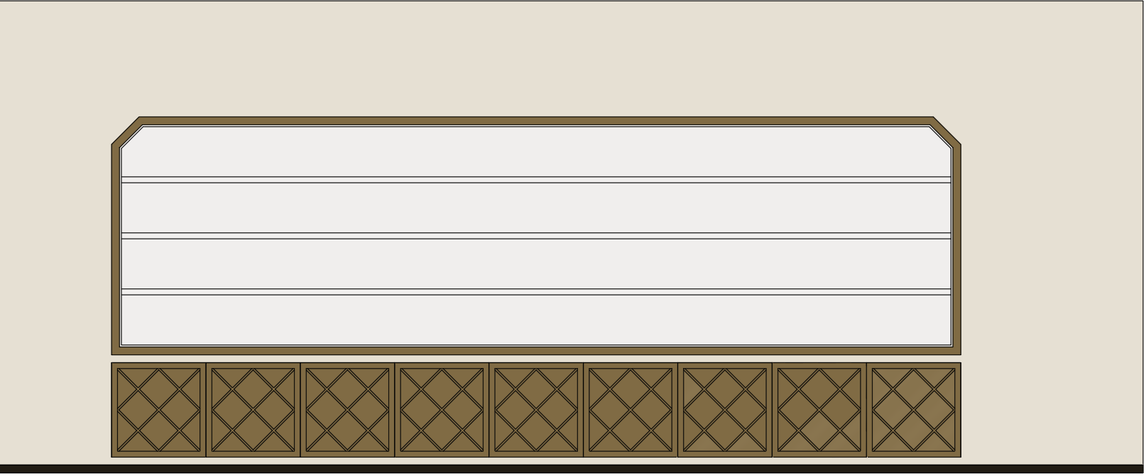 render this built in it is flush with the surrounding wall the wood is a warm oak the inside of the shelving and all interior of it including lip inside the side of the frame is all a white lacuqer
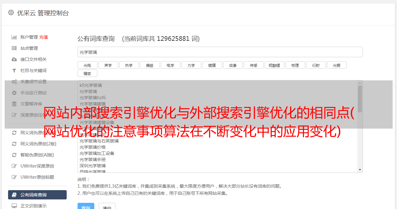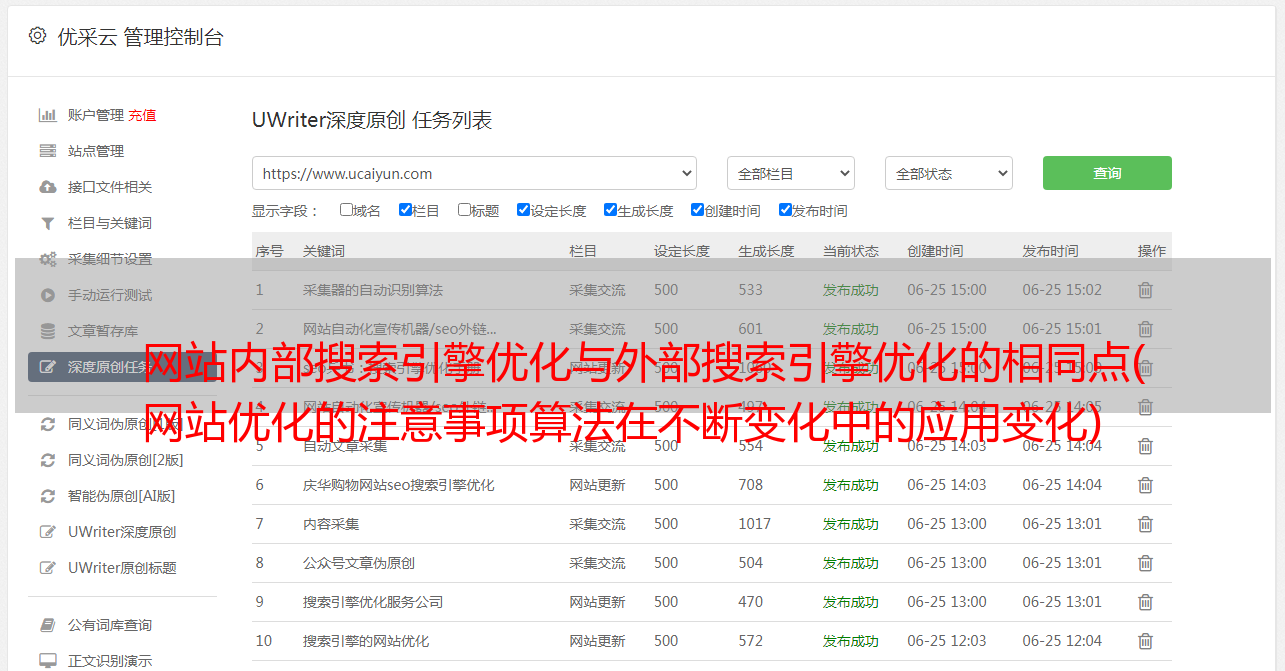 优采云 发布时间: 2021-10-11 22:15网站内部搜索引擎优化与外部搜索引擎优化的相同点(
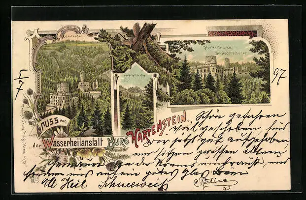 Lithographie Weinzierl, Wasserheilanstalt Burg Hartenstein v. d. Schwedenschanze, Teufelskirche

+++

REQUIRED ACTION: Word for word, retype the lines from the one with "优采云 发布时间: 2021-10-11" through the final line of the data, both included. No pictures belong in the copy.

RESULT BELOW:
 优采云 发布时间: 2021-10-11 22:15网站内部搜索引擎优化与外部搜索引擎优化的相同点(
 Lithographie Weinzierl, Wasserheilanstalt Burg Hartenstein v. d. Schwedenschanze, Teufelskirche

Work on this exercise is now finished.